Unfortunately the abuse of older people is not confined to hospital and residential settings, it is estimated up to 340,000 older people in the UK are abused each year in their own homes. The abuse of older people now parallels that of children with many experiencing emotional, psychological, physical, sexual and financial abuse perpetrated against them by those charged with providing care and support, for example, partners, wider family and professional carers.

This most recent report of abuse appears after many others, highlighting the disgraceful treatment older people experience from those supposed to be proving their care, whether at home, in hospital or residential care. A report by the Health Service Ombudsman on the abuse of older people in hospital settings suggests there is a culture of indifference from both government and staff to the abuse of older people.

The Independent commented:

“For a while we may pause to express outrage. But we then move on to the urgent business of our daily lives. Spot checks and hit squads may arrest the worst practice…..But they will not do much about a society that has hardened its heart against the elderly.”

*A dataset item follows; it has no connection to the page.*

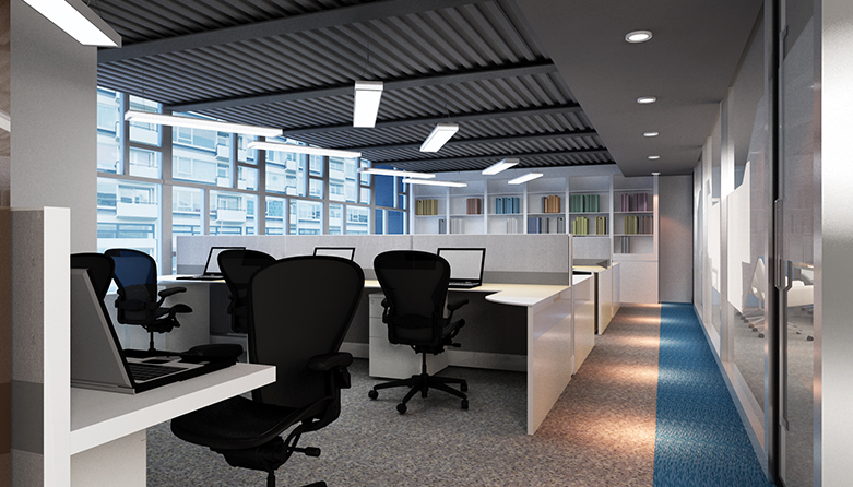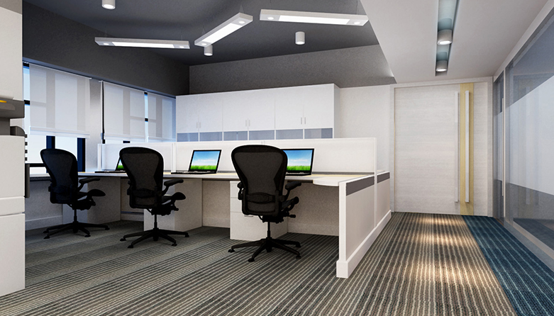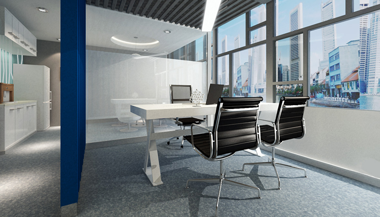 本方案是LOFT雙層的辦公空間,總層高為5.2m,單層面積150m2, 在入口門廳處做了挑空的共享空間,使得不大的辦公空間顯得連貫流暢,其他空間為鋼結構夾層,充分利用了空間,為業主營造了盡可能多的使用面積;前臺背景墻以帶有折面造型的豎向格柵條裝飾,以線成面,面中帶有肌理,和天花板中淺藍色燈帶互應,體現現代化的辦公氣氛。

Doing nothing is not an option. The review of adult social care law undertaken by the Law Commission in 2011 made clear to government the law pertaining to the protection of vulnerable older people requires strengthening as the current framework is clearly not working. However, this alone will not address the issue. The current discourse on the care of older people also needs to change, we have reached the point where ‘cost’ is king, every aspect of care for the elderly is framed in the language of economics. Government and society are so focused on the cost of care they have lost sight of the value of caring to society, from a moral and ethical perspective. Replacing values such as dignity and respect in care with ‘value for money’ has reduced older people to a percentile of spending of tax payers money, rather than being viewed as actual people, people who at some point may require additional help and support, through no fault of their own but as a natural process of ageing. Indeed the focus on cost diverts our attention from the real issue, we as a society are, at best, indifferent to the plight of older people.

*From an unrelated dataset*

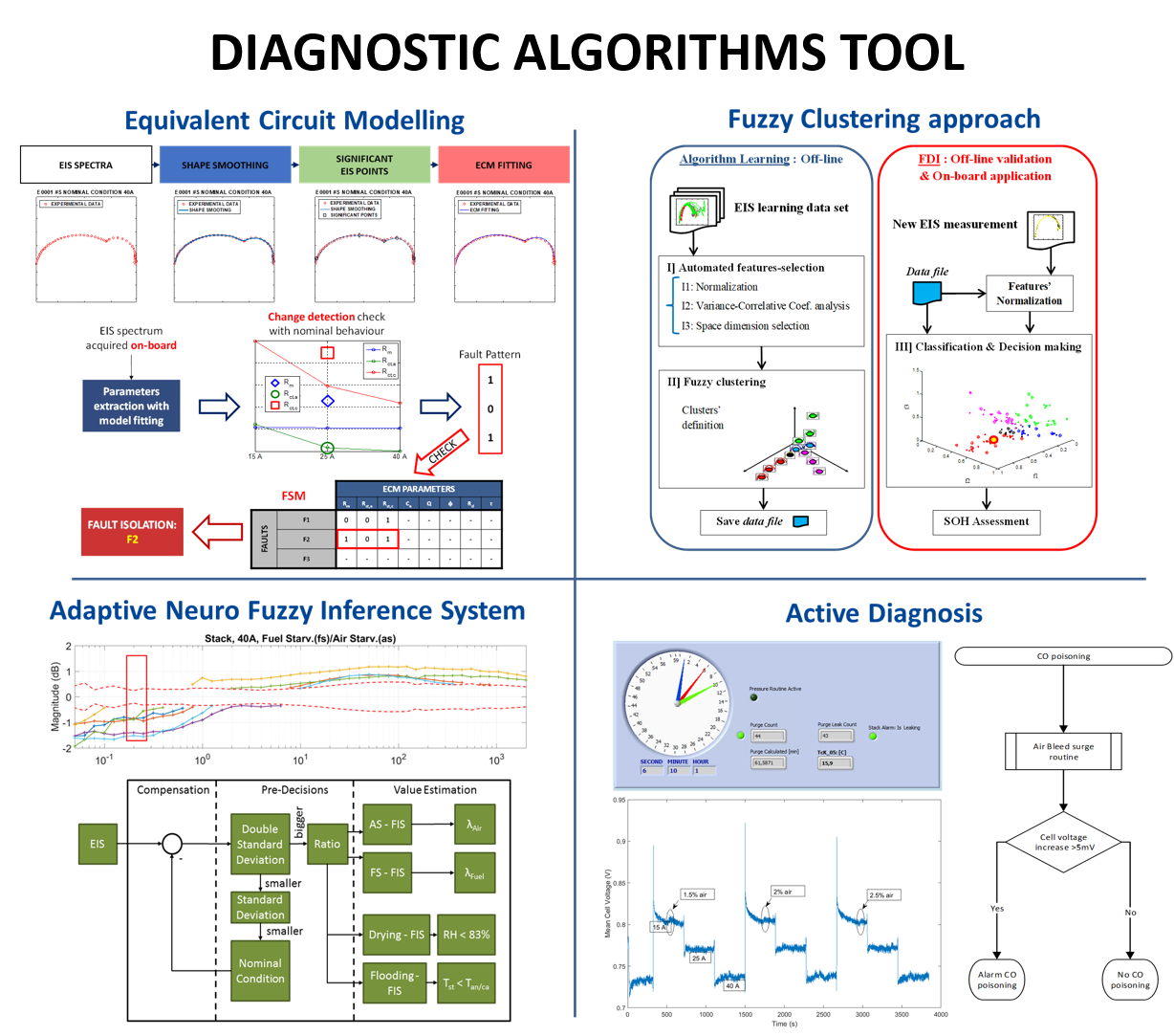 The purpose of the diagnosis is to promptly detect and isolate specific faults within the FCs, to avoid any performance reduction or at least to hinder the irreversible degradation of the system and the consequent failure. As a result, the overall performance of the FC will improve, thus enhancing the deployment of these systems with a reduction of their operational costs.

Our ability to watch abuse captured on film in care settings and read report after report yet do nothing to change our attitude is disturbing, maybe society is experiencing ‘compassion fatigue’? If this is the case old age is to be more feared than death!

Real change can only occur if built on a foundation of respect for older people. Developing a culture of dignity and respect for older people requires more than codes of practice to guide the carers who look after our older people. We all have to develop a much deeper understanding of what ‘dignity’ and ‘respect’ actually mean and how we demonstrate dignity and respect to one another, starting firstly with ourselves. Arguably if individuals respected themselves they would not allow themselves to act in such a way that is abusive to those they care for. It would also help if we respected carers by paying them a wage that genuinely reflects the complex nature of the work they do.

It is with shame that we should read the treatment of older people in care is now so bad that it meets the legal definition of torture according to the Governments own human rights watchdog. How many more programmes showing carers abusing those most vulnerable must we watch, how many more people have to suffer before society and government decide to react with more than short lived outrage?